*** PROVIDED INFORMATION Section Begins ***
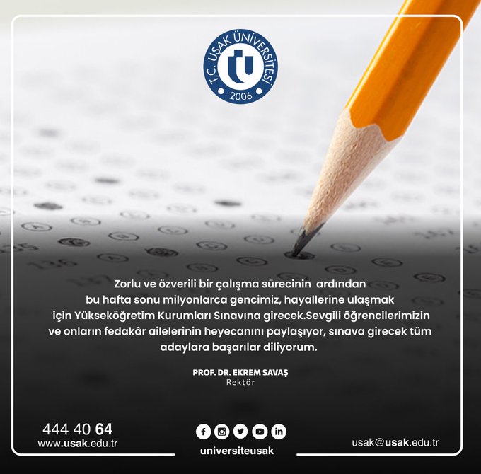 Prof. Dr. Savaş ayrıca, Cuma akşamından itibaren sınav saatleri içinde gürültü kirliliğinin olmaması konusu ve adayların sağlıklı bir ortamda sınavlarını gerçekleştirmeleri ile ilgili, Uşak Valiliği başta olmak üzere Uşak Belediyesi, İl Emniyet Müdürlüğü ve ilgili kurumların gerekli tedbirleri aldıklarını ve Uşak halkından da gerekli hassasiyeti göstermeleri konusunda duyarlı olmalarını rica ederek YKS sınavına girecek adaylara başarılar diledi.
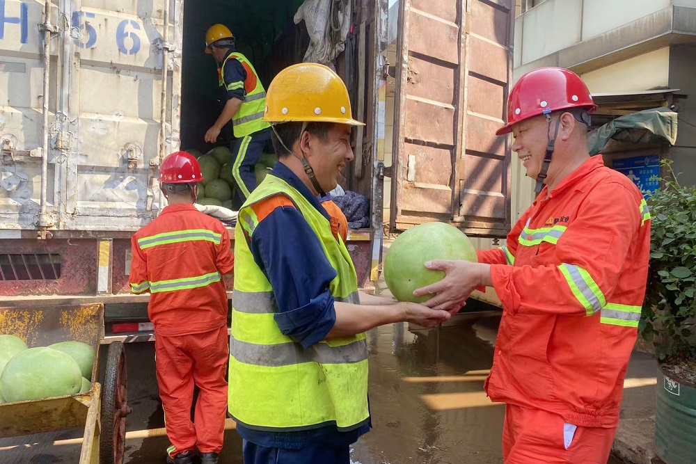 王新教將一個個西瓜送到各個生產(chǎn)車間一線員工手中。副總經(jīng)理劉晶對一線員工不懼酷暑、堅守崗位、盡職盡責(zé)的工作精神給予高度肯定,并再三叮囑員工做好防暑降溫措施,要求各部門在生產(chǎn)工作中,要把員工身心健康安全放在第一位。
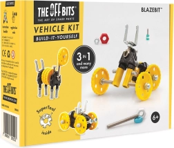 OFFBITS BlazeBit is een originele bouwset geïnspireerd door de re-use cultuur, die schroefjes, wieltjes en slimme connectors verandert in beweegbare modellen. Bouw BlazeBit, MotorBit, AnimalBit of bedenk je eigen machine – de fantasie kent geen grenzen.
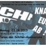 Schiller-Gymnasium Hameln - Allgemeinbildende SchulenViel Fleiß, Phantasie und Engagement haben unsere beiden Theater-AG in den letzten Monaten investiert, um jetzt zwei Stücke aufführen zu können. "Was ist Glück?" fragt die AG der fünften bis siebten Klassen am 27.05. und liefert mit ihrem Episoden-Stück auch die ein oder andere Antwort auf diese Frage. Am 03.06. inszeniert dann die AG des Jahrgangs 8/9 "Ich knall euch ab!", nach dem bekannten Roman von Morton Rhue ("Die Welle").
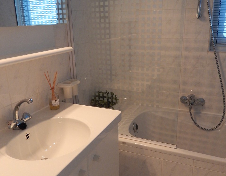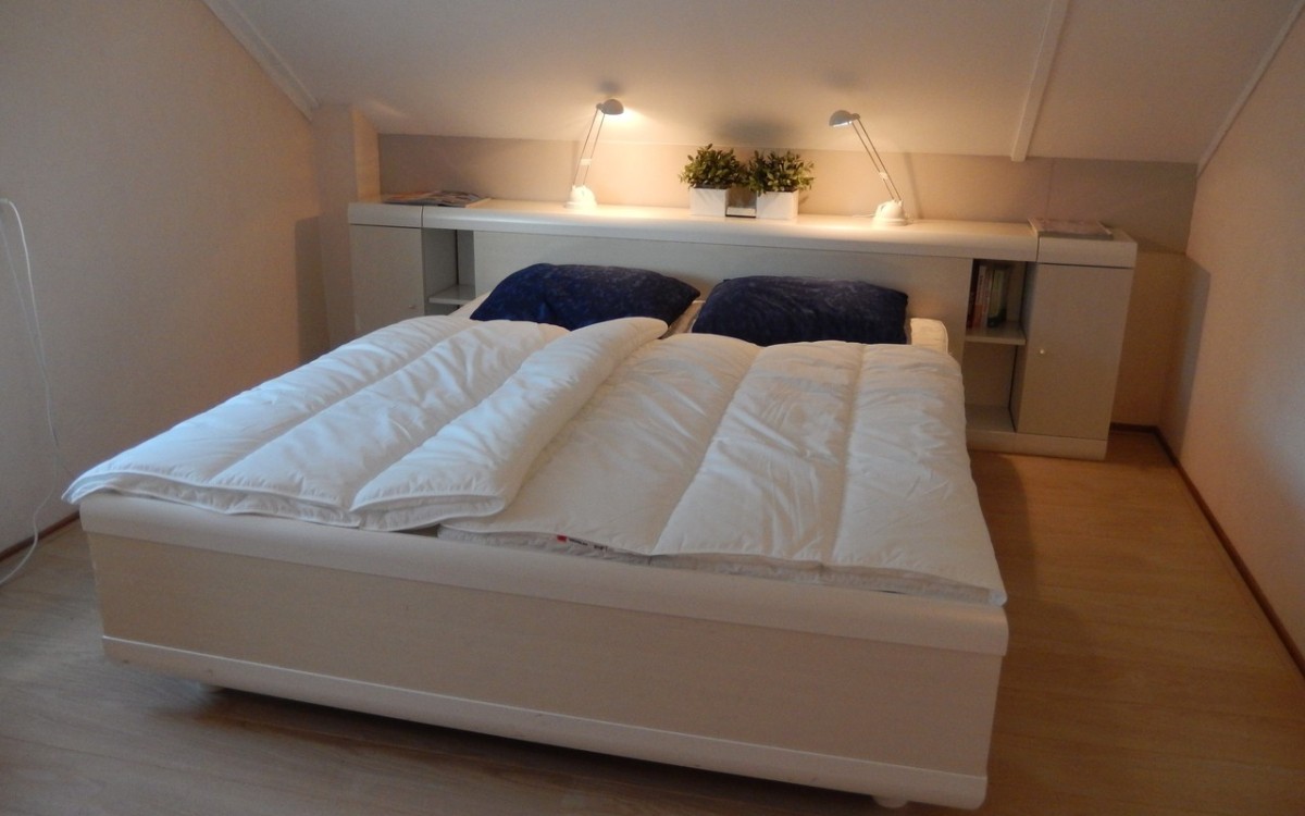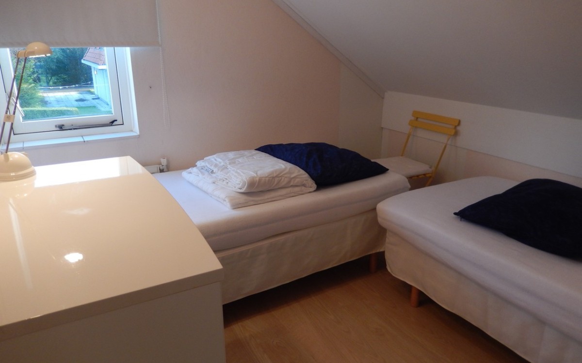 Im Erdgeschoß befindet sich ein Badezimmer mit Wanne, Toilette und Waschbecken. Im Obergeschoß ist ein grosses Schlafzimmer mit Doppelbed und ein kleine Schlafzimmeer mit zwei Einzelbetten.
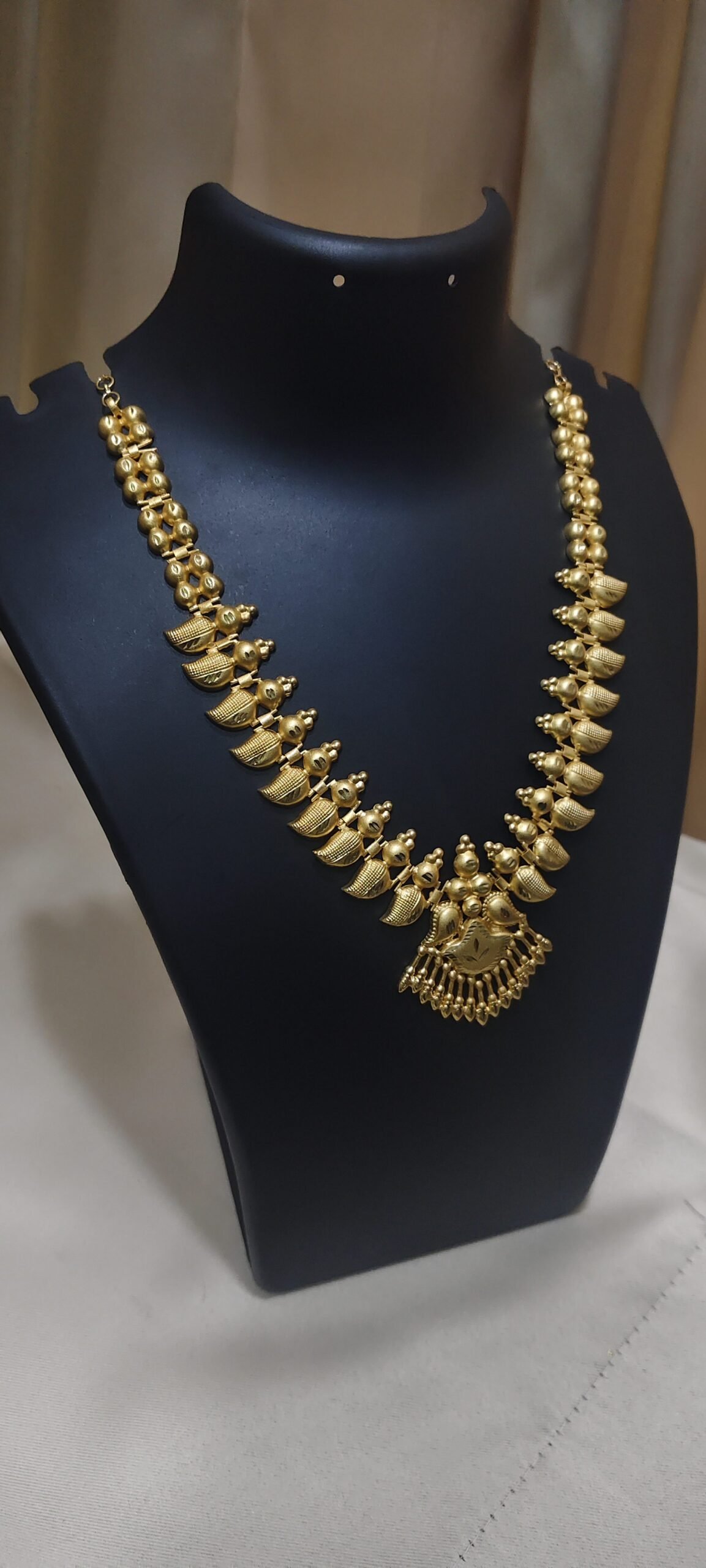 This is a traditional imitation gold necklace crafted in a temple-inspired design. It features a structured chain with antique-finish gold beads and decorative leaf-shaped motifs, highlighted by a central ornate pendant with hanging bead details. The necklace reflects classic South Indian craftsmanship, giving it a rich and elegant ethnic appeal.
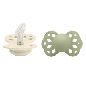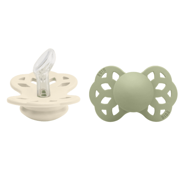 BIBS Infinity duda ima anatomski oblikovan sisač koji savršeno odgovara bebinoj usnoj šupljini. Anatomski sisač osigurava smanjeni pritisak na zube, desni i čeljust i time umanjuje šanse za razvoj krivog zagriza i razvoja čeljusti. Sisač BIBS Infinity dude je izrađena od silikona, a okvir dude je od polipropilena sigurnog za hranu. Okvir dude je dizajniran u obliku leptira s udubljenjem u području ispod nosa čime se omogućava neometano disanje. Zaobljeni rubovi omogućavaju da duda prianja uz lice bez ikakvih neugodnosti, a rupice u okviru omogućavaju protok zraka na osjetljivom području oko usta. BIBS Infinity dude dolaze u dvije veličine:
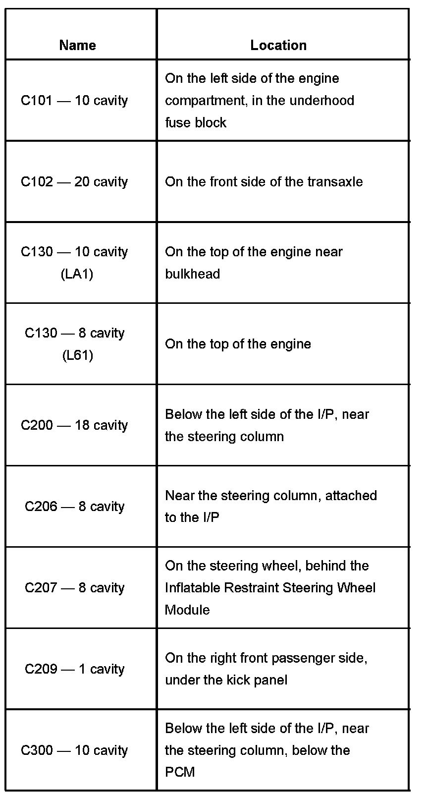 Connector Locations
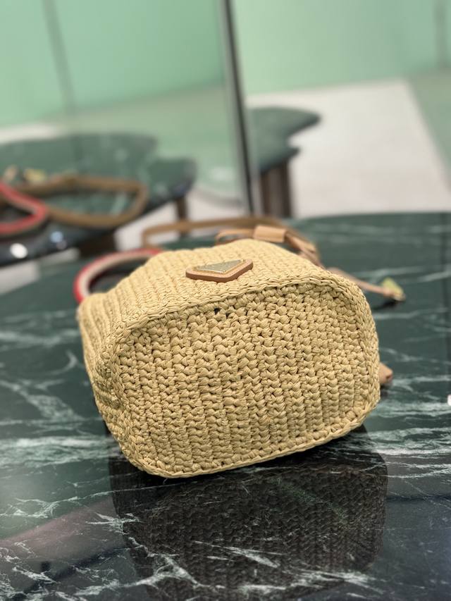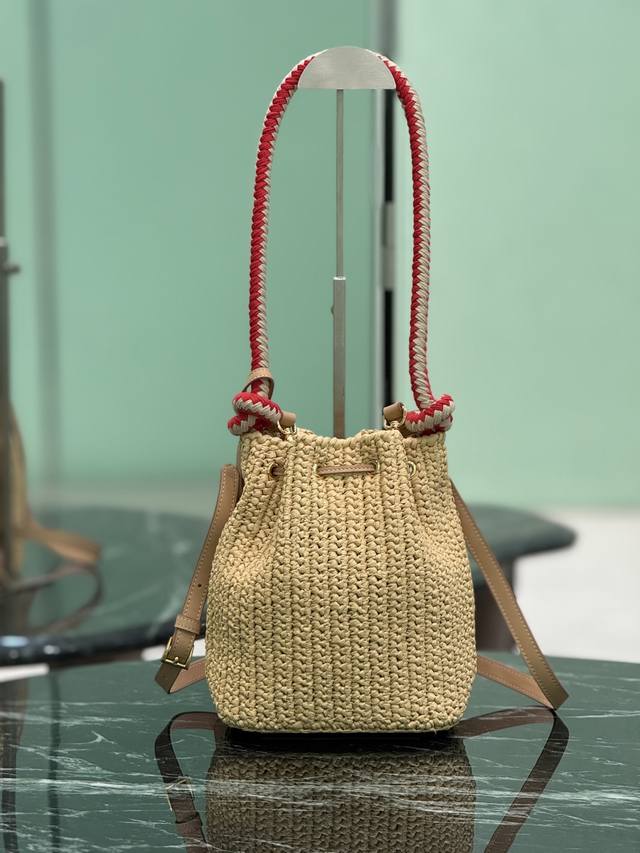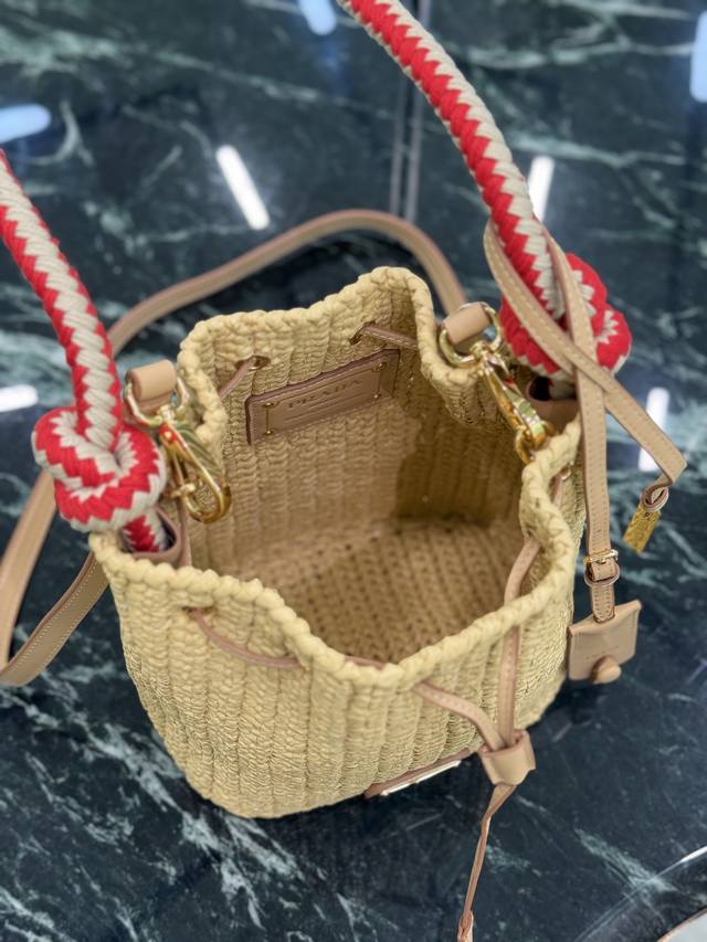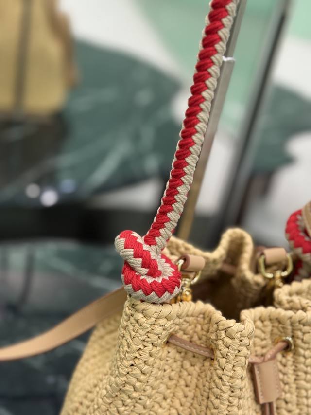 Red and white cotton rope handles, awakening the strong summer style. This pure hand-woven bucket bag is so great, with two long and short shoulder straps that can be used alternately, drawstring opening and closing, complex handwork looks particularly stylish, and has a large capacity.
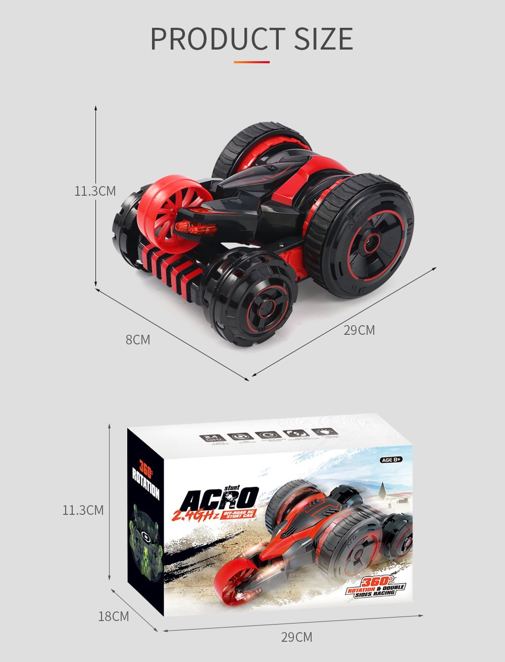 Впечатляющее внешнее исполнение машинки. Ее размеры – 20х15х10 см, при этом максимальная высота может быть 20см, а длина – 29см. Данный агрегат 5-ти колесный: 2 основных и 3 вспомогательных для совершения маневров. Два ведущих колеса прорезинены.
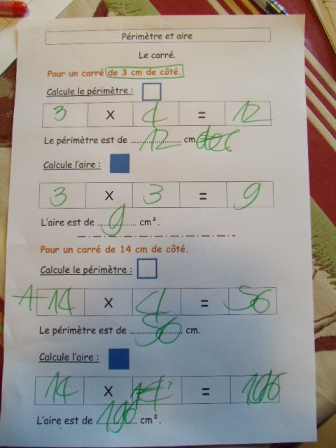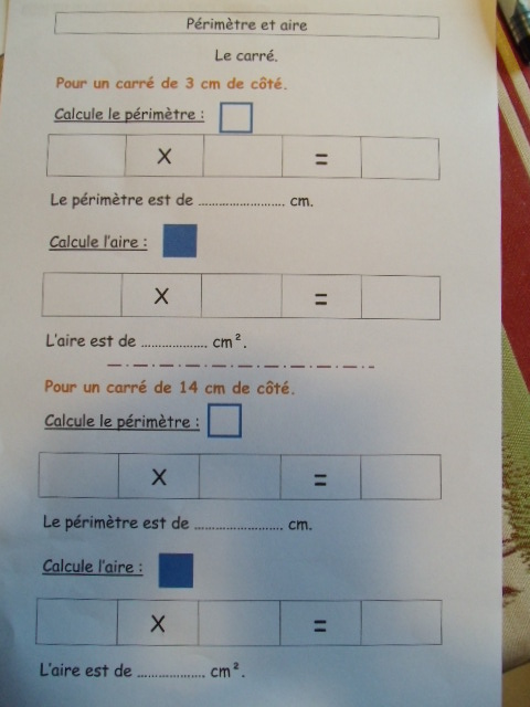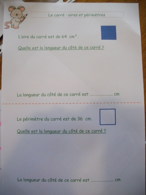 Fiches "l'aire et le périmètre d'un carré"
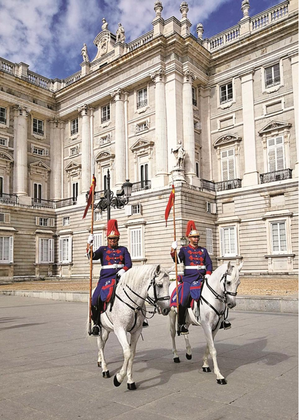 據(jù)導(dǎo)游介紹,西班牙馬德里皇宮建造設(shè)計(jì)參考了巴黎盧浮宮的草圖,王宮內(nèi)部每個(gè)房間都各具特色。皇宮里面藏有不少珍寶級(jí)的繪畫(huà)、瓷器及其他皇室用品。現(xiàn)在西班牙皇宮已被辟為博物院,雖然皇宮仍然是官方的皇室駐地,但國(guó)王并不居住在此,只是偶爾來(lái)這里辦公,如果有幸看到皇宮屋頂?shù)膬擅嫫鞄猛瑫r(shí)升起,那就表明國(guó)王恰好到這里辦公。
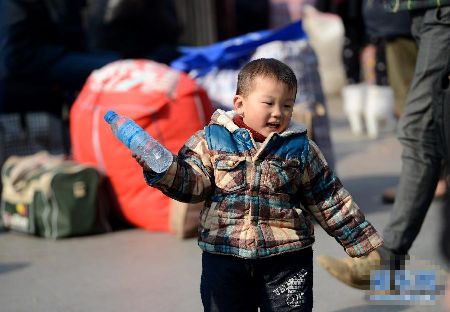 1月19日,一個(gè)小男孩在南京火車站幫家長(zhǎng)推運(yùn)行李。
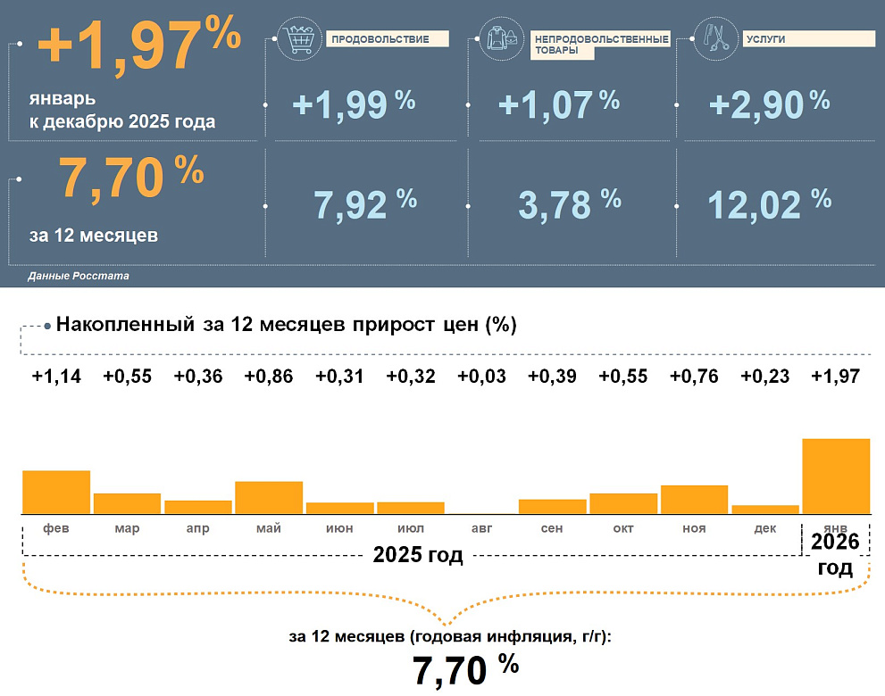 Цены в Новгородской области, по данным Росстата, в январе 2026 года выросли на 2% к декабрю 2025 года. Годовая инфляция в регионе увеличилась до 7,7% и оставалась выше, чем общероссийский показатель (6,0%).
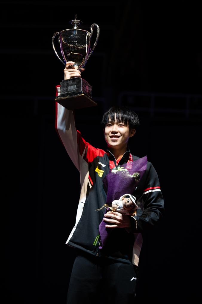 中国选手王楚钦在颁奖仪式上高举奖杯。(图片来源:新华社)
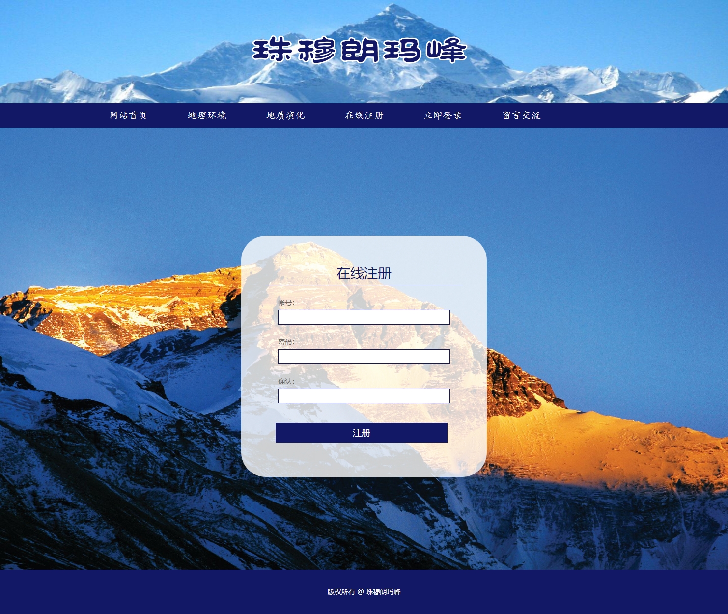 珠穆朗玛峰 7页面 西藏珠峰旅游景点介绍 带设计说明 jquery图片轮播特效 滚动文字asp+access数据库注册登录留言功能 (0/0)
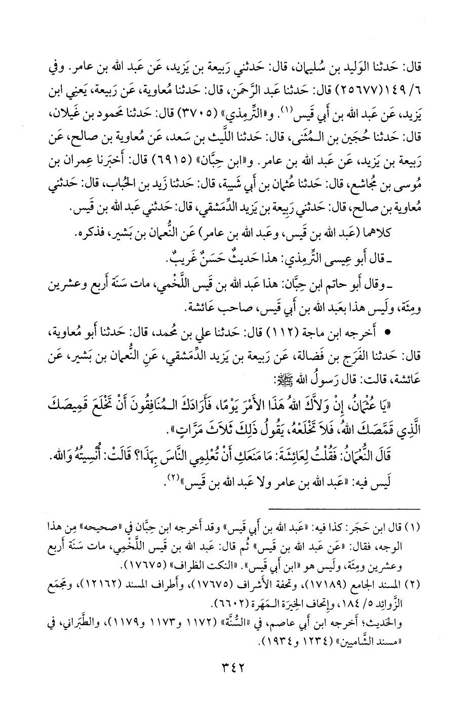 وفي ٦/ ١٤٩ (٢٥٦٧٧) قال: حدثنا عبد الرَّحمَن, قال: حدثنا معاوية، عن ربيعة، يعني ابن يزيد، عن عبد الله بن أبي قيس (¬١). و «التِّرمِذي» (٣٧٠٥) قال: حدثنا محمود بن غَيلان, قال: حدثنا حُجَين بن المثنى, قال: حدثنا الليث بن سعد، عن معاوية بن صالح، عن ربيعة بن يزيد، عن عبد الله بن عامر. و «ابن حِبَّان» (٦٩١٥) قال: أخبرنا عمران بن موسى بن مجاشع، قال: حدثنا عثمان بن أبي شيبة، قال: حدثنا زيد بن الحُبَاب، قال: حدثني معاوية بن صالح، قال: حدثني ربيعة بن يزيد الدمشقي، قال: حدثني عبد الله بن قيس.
*** PROVIDED INFORMATION Section Ends ***
**WORK INSTRUCTIONS**
In the listing above, find the line containing "Red and white" and the line containing "et le périmètre", then print exactly those two lines and every line between them, minus the pictures.

**RESULT OF THIS TASK**
 Red and white cotton rope handles, awakening the strong summer style. This pure hand-woven bucket bag is so great, with two long and short shoulder straps that can be used alternately, drawstring opening and closing, complex handwork looks particularly stylish, and has a large capacity.
 Впечатляющее внешнее исполнение машинки. Ее размеры – 20х15х10 см, при этом максимальная высота может быть 20см, а длина – 29см. Данный агрегат 5-ти колесный: 2 основных и 3 вспомогательных для совершения маневров. Два ведущих колеса прорезинены.
 Fiches "l'aire et le périmètre d'un carré"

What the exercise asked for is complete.